First world war; Unearthed during road building project

By RANDY BOSWELL, Postmedia News February 25, 2011

A 28-year-old Irish immigrant to Alberta, who fought for this country during the First World War and died near Vimy Ridge, has finally been identified, eight years after his remains were unearthed in northern France.

Pte. Thomas Lawless has been named by a team of researchers led by a Canadian Forces forensics expert.

His remains and those of another Alberta soldier, Pte. Herbert Peterson of Berry Creek, were discovered years ago during a road-building project.

Peterson was named in 2007 after DNA testing of bone fragments established his identity.

He and his then-unidentified comrade had been buried together at a site south of the French village of Avion, following Canada's victory at the Battle of Vimy Ridge in April 1917.

But despite strenuous efforts to confirm the identity of the second soldier using historical research, genetic tests and other means, experts were unable at the time to attach a name to that man's remains.

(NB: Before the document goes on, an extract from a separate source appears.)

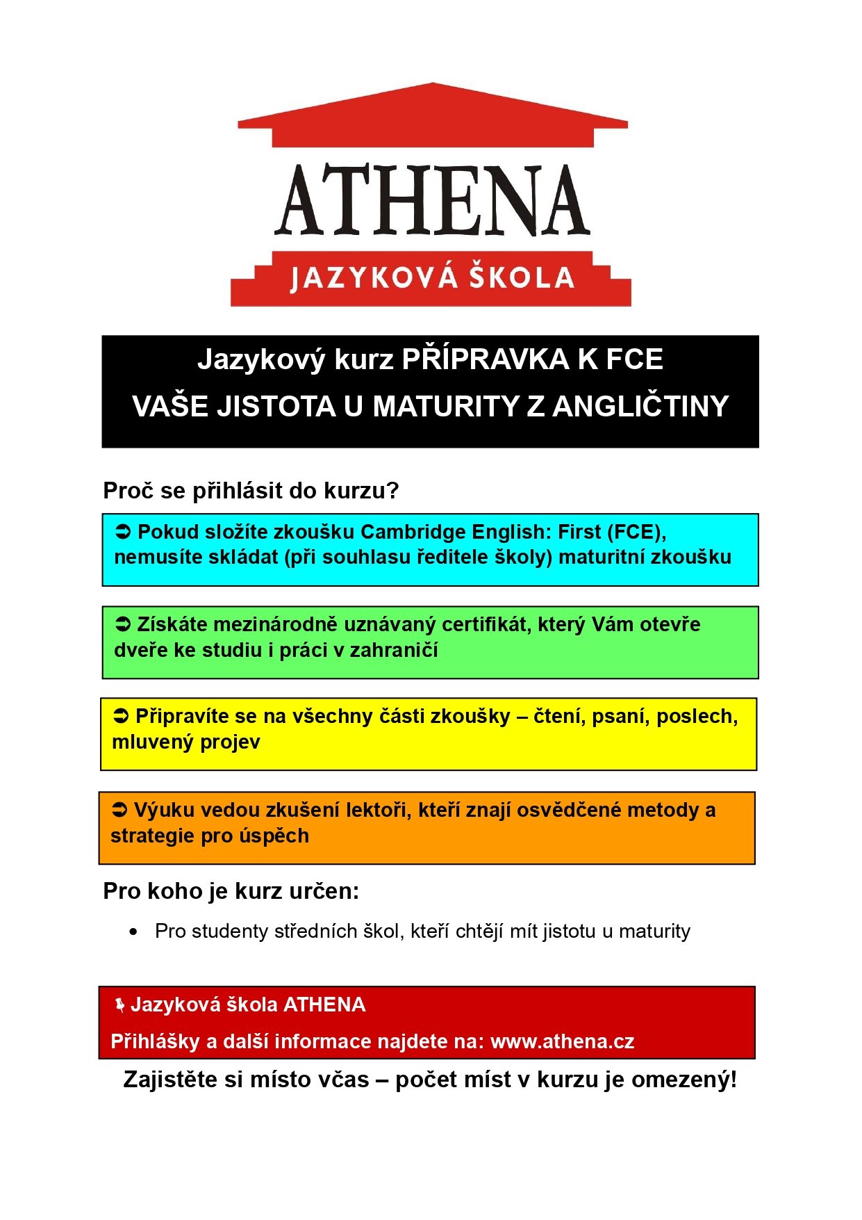 Bližší informace o jazykových kurzech můžete získat na www.athena.cz nebo na telefonu 774 770 365, 774 408 416 nebo pište na mail: kancelar@athena.cz

The breakthrough finally came in December, after scientists at the University of Western Ontario - working with Defence Department forensics investigator Laurel Clegg and others - used isotope signatures from the soldier's teeth to retrace his geographical movements: from 1890s childhood in Ireland, to immigrant farmhand in southern Alberta, to front-line fighter in the 1914-18 global conflict.

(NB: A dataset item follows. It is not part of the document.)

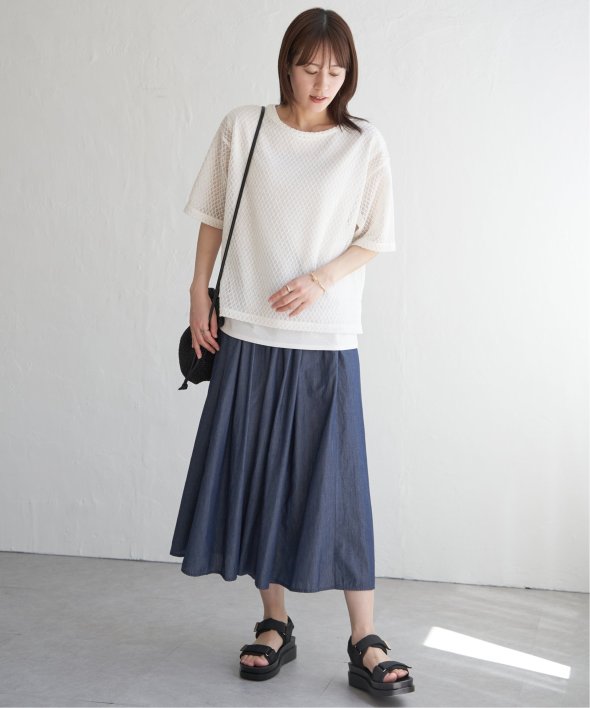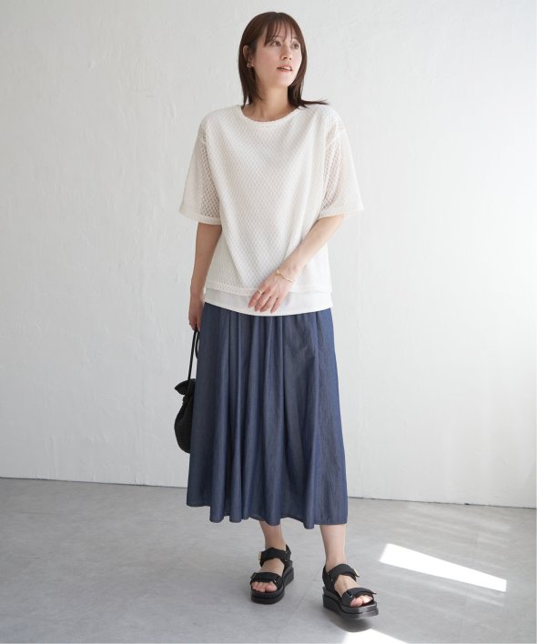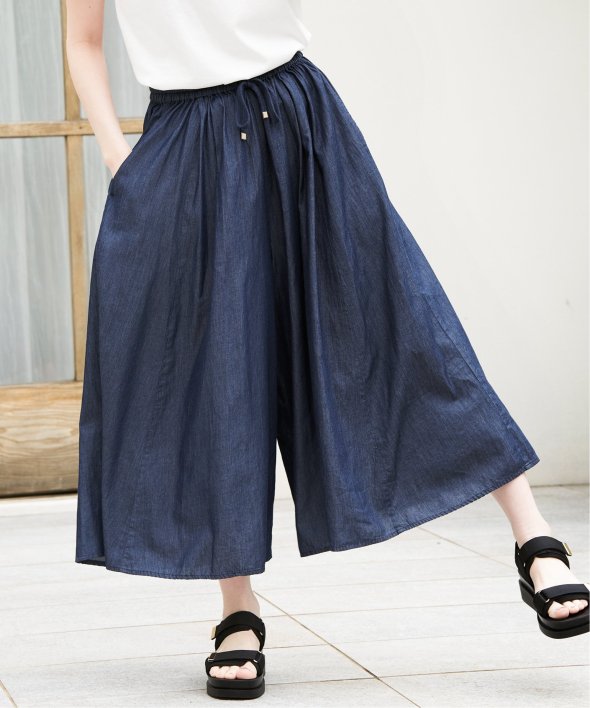 【雑誌InRed(宝島社)6月号掲載】コットン素材のボリューム感たっぷりなスカーチョ。ペチパンツがついており、透ける心配なしで安心して着用できます。ゆったりとしたシルエットが歩くたびにふんわりと広がり、動きが美しく映えます。たっぷり生地使いが贅沢な華やぎボトム。【素材】綿100%で通気性が良く、程よい張り感と軽やかさが楽しめる涼し気なコットン素材。ナチュラル感がありながら表面感はさらりと綺麗なタッチです。【デザイン】ボリュームフレアシルエットが可愛いスカート風ワイドパンツは、ウエストのドロストリボンとゴールドパーツといった細かいデザインポイントを施すことで高級感をプラス。足さばきの良いミモレ丈で、総ゴムのウエストでお気軽にご着用いただけます。裏地はペチコートにリニューアルしました。【ikkaポイント】風になびくスカートのようなワイドパンツで軽やかに纏う素材感とシルエットが特徴的。シンプルなデザインながらもボリュームのあるふんわり感がコーデの主役になります。この時期にマストバイな、お出かけが楽しくなるボトムです。【おすすめコーディネート】キッズサイズも展開しているため、親子おそろいでコーディネート可能です。・デニム風ボリュームスカーチョ(120~160cm) 品番 13260393■スタッフ着用コメント160cm/ネイビーブルー/Mサイズ春先から真夏に向けて、涼し気なボトムを探していました。このスカーチョはコットンのやさしい素材感が魅力的で、派手すぎないのに自然な華やかさがあり一目ぼれ。知的な印象のあるネイビーは、きちんと感があるので特別なおでかけにもよく履いています。足元をパンプスやスニーカーといろいろ変えるだけで雰囲気や印象も異なるので、コーデ合わせを楽しめます。親子お揃い、親子おそろい、親子リンク[洗濯方法]洗濯の際はネットを使用してください

That path through the world was followed by only one of several candidate Canadian soldiers whose bodies also went missing after the battles of June 8 to June 9, 1917, near Avion.

The dental isotope findings - supported by documentary evidence and the other scientific research, including a three-dimensional facial reconstruction based on the soldier's recovered skull and jawbone - led to yesterday's announcement in Edmonton, the home base of the regiment that Lawless, like Peterson, belonged to when he died nearly a century ago.

"Nearly 28,000 Canadian soldiers went missing during the Great War, Second World War and Korean War," Defence Minister Peter MacKay said in a statement announcing the identification. "New remains are discovered every year and my department and their partners work diligently to identify these fallen to ensure that their ultimate sacrifice is honoured."

MacKay's parliamentary secretary, Laurie Hawn, who attended a ceremony in Edmonton yesterday marking the identification, added: "We are thankful that Pte. Lawless will finally be laid to rest with the honour and dignity that he deserves. (He) gave his life in the name our country, and his contribution to Canada in the First World War will not soon be forgotten."